▸ **ABOUT THIS EXERCISE**
All that is wanted is the line with "говорится в сообщении." and each line after it to the end of the data below, set down exactly and without pictures.

▸ **DATASET EXTRACT**
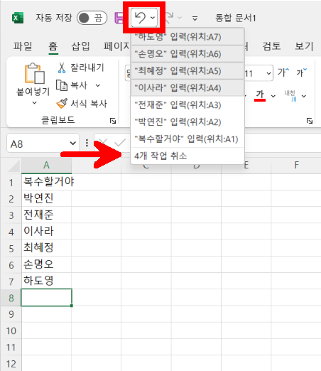 이 버튼의 오른쪽에 있는 아래 화살표를 누르면 실행했던 작업들이 순서대로 저장되어 있는 목록이 나타납니다. 여기에서 돌아가고 싶은 특정 작업을 선택하면 한 번에 여러 개의 작업을 취소할 수 있습니다.
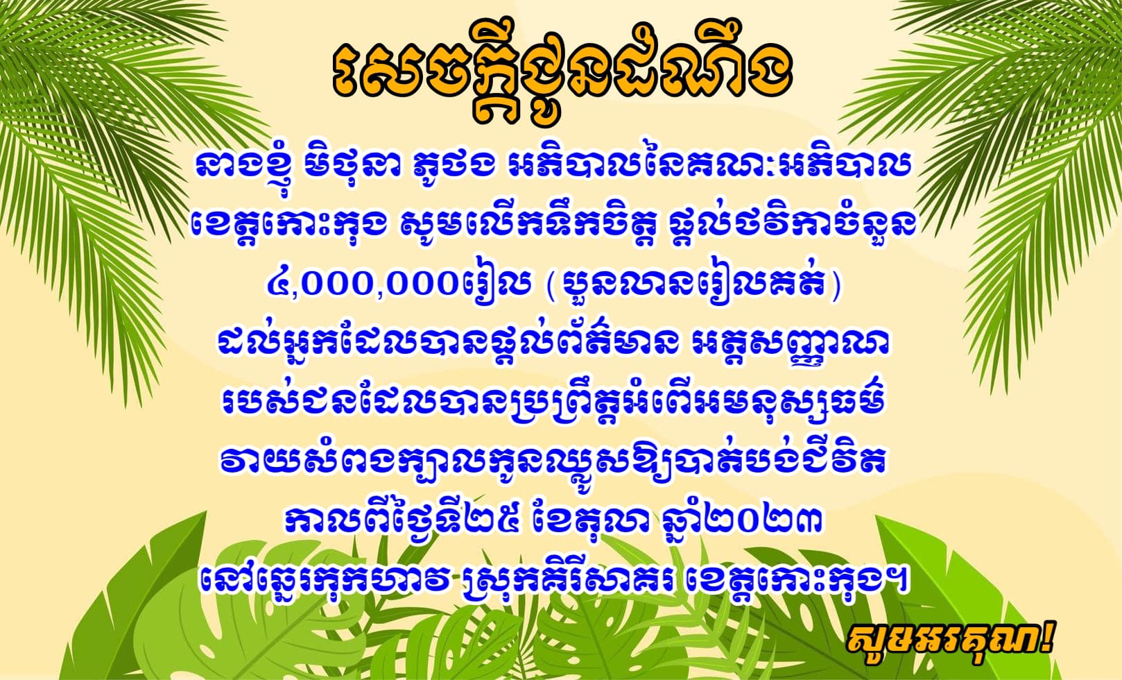 លោកជំទាវបន្តថា៖ «ពាក់ព័ន្ធករណីខាងលើ ខ្ញុំសូមលើកទឹកចិត្តជាថវិកាចំនួន ៤,០០០,០០០រៀល (បួនលានរៀល) ដល់អ្នកដែលបានផ្តល់ព័ត៌មាន អត្តសញ្ញាណ របស់ជនដែលបានប្រព្រឹត្តអំពើអមនុស្សធម៌ នូវភិនភាគរូបរាង ដូចដែលមាននៅក្នុងវីដេអូនេះ។ ចំពោះអ្នកដែលបានផ្តល់ព័ត៌មាននេះ យើងខ្ញុំនឹងរក្សាទុកជាការសម្ងាត់»។
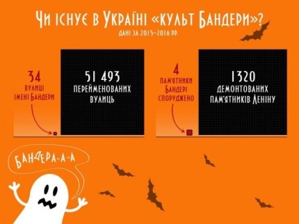 "Из более 50 тысяч переименованных в рамках декоммунизации улиц, площадей и других объектов топонимики, лишь 34 назвали в честь Степана Бандеры", — говорится в сообщении.
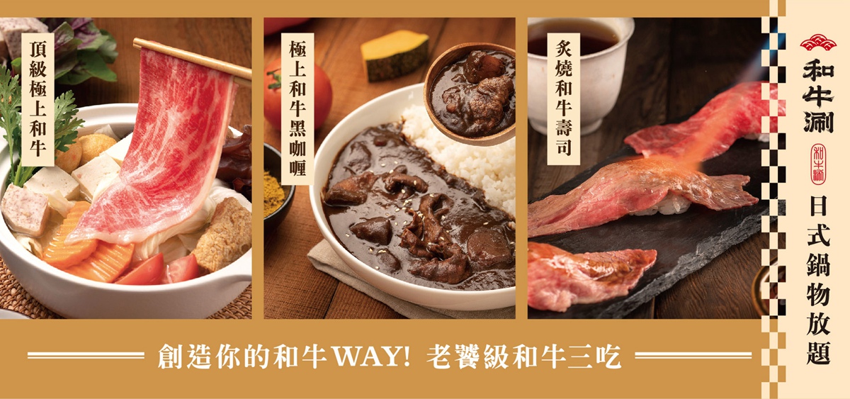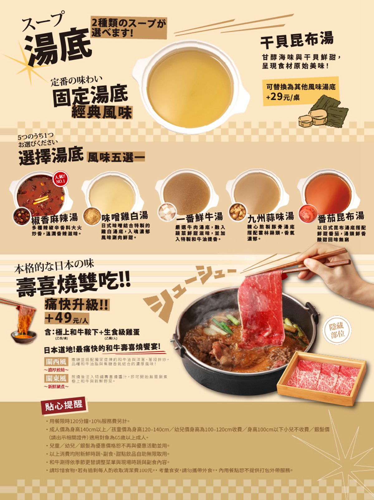 和牛涮 日式鍋物放題114/9/15~11/30推出秋季限定美食究極和牛壽喜燒雙吃!先煎後湯的鴛鴦雙鍋兩吃,一邊涮火鍋、一邊涮壽喜燒,盡享關東+關西風味的壽喜燒美味~還有炙燒和牛壽司、焦糖鯛魚燒等不用加價購就能通通吃到飽!

▸ **RESPONSE BOX**
 "Из более 50 тысяч переименованных в рамках декоммунизации улиц, площадей и других объектов топонимики, лишь 34 назвали в честь Степана Бандеры", — говорится в сообщении.
 和牛涮 日式鍋物放題114/9/15~11/30推出秋季限定美食究極和牛壽喜燒雙吃!先煎後湯的鴛鴦雙鍋兩吃,一邊涮火鍋、一邊涮壽喜燒,盡享關東+關西風味的壽喜燒美味~還有炙燒和牛壽司、焦糖鯛魚燒等不用加價購就能通通吃到飽!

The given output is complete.